Posting "Failures" Can Be Good

Over on the Code Golf StackExchange site, people will post programming challenges with the goal of the challenge (usually) being to write code in the language of your choice that solves the problem in as few bytes (or characters) as possible. What I want to talk about today is a submission I made to a challenge where I actually missed the mark for the shortest, but was still proud enough to post my answer.

Programming With... Starfish?

Competition in these challenges can get pretty fierce as people try to shave off bytes wherever they can, and whole (if you can call them that) languages have been crafted just to reduce byte counts. These esoteric languages, or esolangs, can reduce the bytes required to perform an action by a significant amount. Of course, if the language lacks a feature, it can also increase the bytes needed by a significant amount. One such esolang, which was created by a friend of mine, Discordian, is *><>. This language, called Starfish, is actually a derivative of another esolang, ><> , or Fish.
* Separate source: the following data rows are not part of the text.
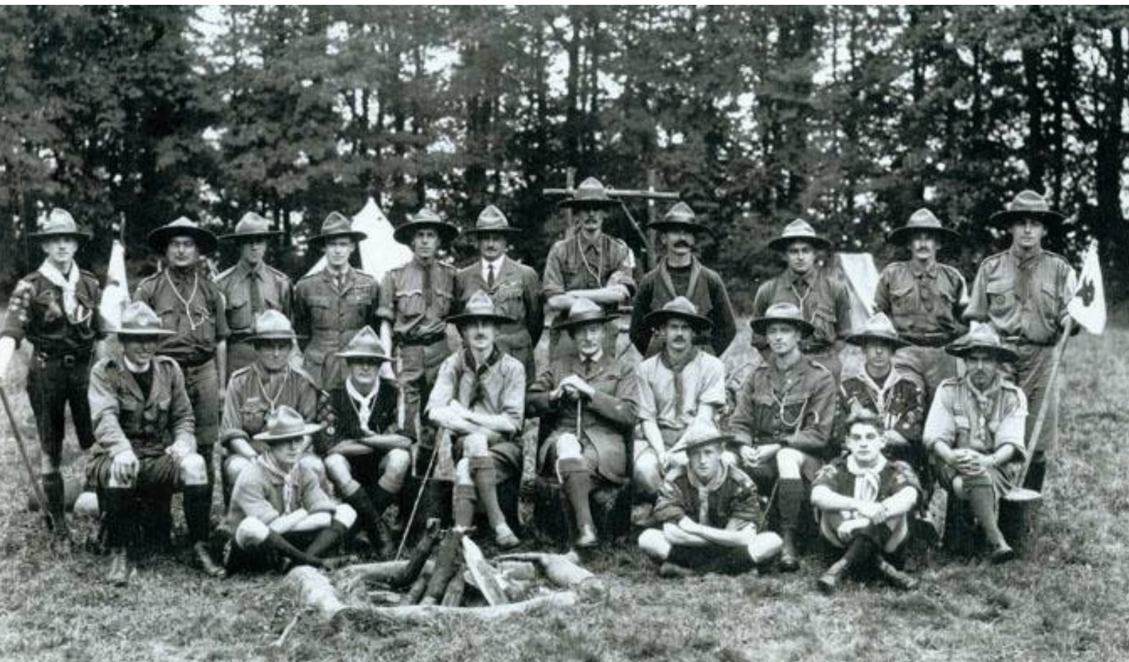
First Wood Badge Course, Gilwell Park, September 1919

True leadership takes many forms and there IS a leadership bone in everybody.
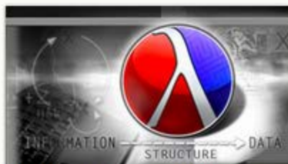
Introduction to Systematic Program Design - Part 1 Sep 4th 2013
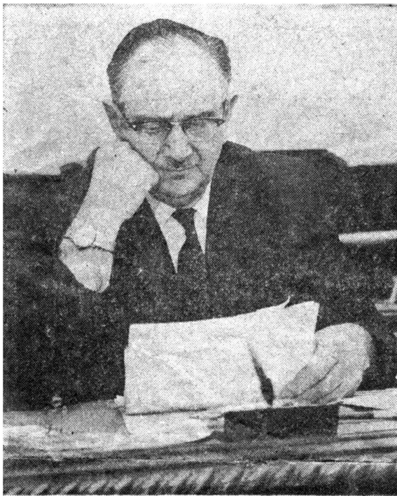
Before the message, a time of study
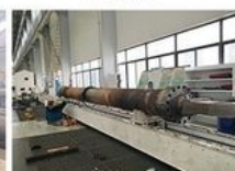
20. ASSEMBLY BENCH
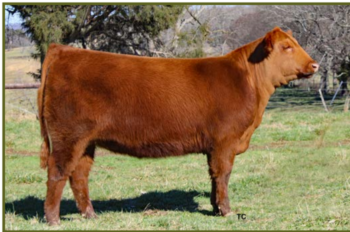
Lot 55 SL MS 6517 EPIC 2014
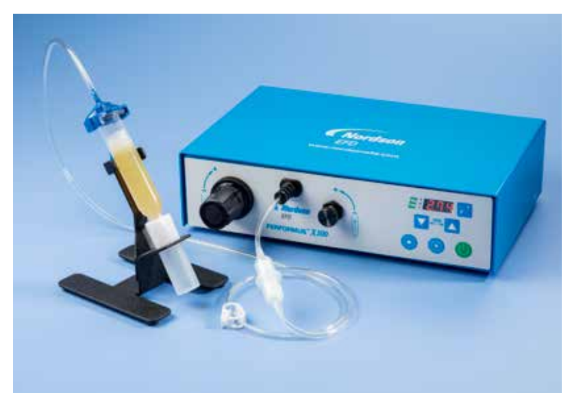
Performus X dispensers provide reliable dispensing for general applications in a wide range of industries.
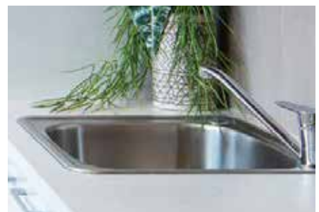
Laundry inset trough
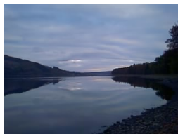
Loch Venachar, The Trossachs

Callander, FK8 3EN, Stirlingshire, Scotland
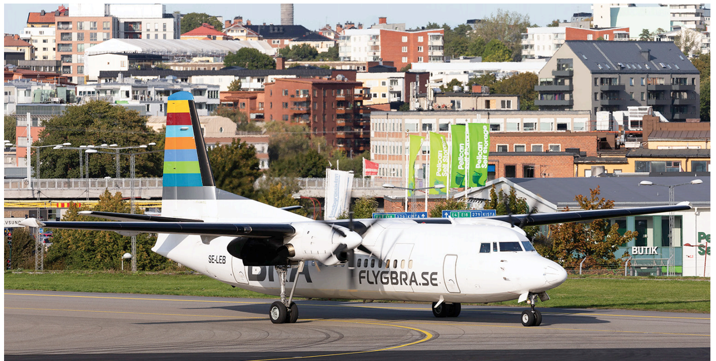
This photo of SE-LEB, a Fokker 50 operated by Amapola Flyg (and in Flygbra.se colour scheme) is showing how close Bromma airport is within the Stockholm city limits. (17 September 2020)
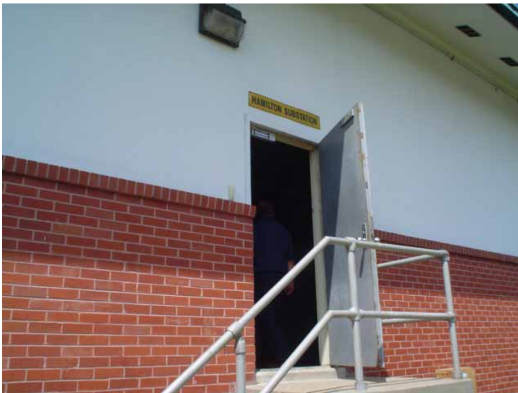
109. North side of Hamilton Street substation.
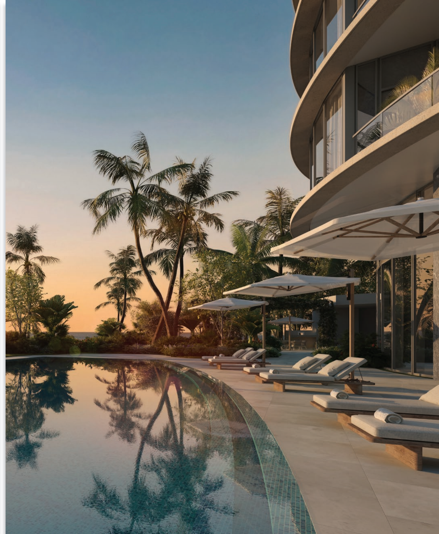
SUNRISE POOL & BEACH CLUB

ARTIST'S CONCEPTUAL RENDERING; SURROUNDING BUILDINGS, LANDSCAPES, AND LANDMARKS MODIFIED OR OMITTED.

The answer that I was beat out by was actually in ><>, while mine was in *><>, so it could be said I’m perfectly fine posting my answer. It is, after all, a different language. That said, best as I can tell, any ><> program is also a valid *><> program. To liken the two languages to shapes, I offer the following analogy: square : rectangle :: Starfish : Fish. All this to say that I ultimately was still beat by this other answer.

So You Lost. Why Post It?

From my experience, it’s very common in the tech world to be dissuaded from posting your code if it’s not the best. “Don’t reinvent the wheel,” the saying goes. While I understand its merit for some things, I think that this adage’s widespread usage can be very hindering for progress. This can be especially damaging for new programmers, who are likely to then just copy/paste “the best” code, and never come to understand it.

So I post my “inferior” answer, because even if it didn’t have the least amount of bytes, it was unique and I did learn a lot writing it. Plus, it uses features available to *><> that aren’t available in ><>, so even if the other answer is shorter, it can be said that mine definitely is a *><> program.